Beberapa Hal yang Wajib Dihindari Dalam Optimasi Blog

Tujuan dari optimasi adalah untuk mendongkrak posisi website. Namun demikian, tidak semua praktik optimasi itu akan mendatangkan dampak positif untuk website Anda. Beberapa hal yang harus Anda hindari antara lain:

1. Over optimasi; Over optimasi adalah sebuah kegiatan mengoptimasi situs web yang dilakukan secara berlebihan. Contohnya melakukan link building secara masal. Ini sangat tidak bagus untuk perkembangan website Anda.

2. Posting artikel dipenuhi banyak kata kunci; Keyword stuffing atau menanam keyword secara berlebihan di dalam artikel wajib Anda hindari. Misalnya Anda menulis artikel dengan panjang kata sebanyak 400 kata dan didalamya terdapat lebih dari 50 keyword yang sama di seluruh bagian artikel tersebut. Dengan kondisi tersebut, artikel yang Anda tulis justru akan dinilai sebagai konten spam.
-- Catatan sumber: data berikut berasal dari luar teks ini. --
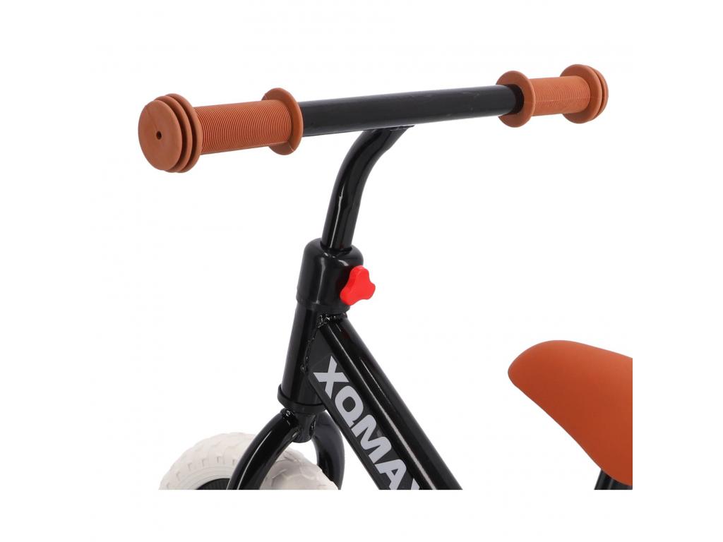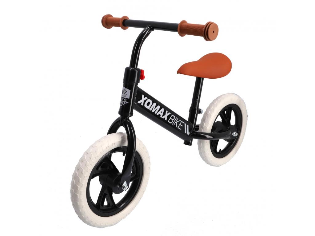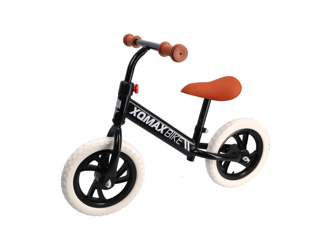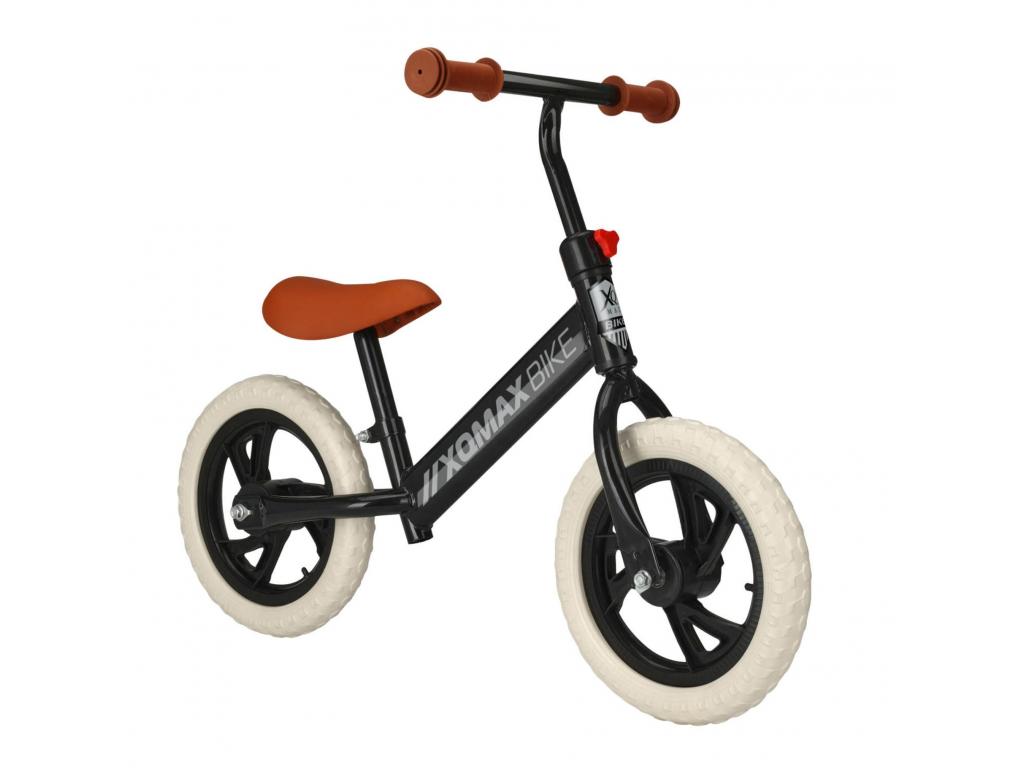 Futóbicikli Fekete 12 hüvelykes, Xqmax. Szép futóbicikli az XQmax-tól, erős gumikkal. Fekete színű, barna díszítéssel. 30,5 cm magas. Állítható kormány és nyereg. A tökéletes első futóbicikli!

3. Membiarkan halaman error dalam jumlah yang banyak; Semakin banyak halaman error di website Anda, maka semakin buruk pula reputasi website Anda di hadapan search engine. Penting bagi Anda untuk mengecek kesehatan website Anda menggunakan tools semacam Google Console atau tools dengan fungsi yang sama lainnya. Jika terdapat banyak link bermasalah (broken link), segera lakukan perbaikan agar tidak berimbas buruk terhadap website Anda.

Penutup

Jika berbagai macam praktik optimasi telah Anda kerjakan dengan sebaik-baiknya, selanjutnya Anda perlu menunggu sampai blog Anda mendapat peringkat bagus di hasil penelusuran mesin pencari. Ingat, hasil dari berbagai kegiatan optimasi yang Anda lakukan tidak bisa Anda lihat dalam hitungan waktu yang singkat, terlebih jika blog Anda masih relatif baru. Mesin pencari bekerja dengan sistemnya, dan hal tersebut akan memakan waktu.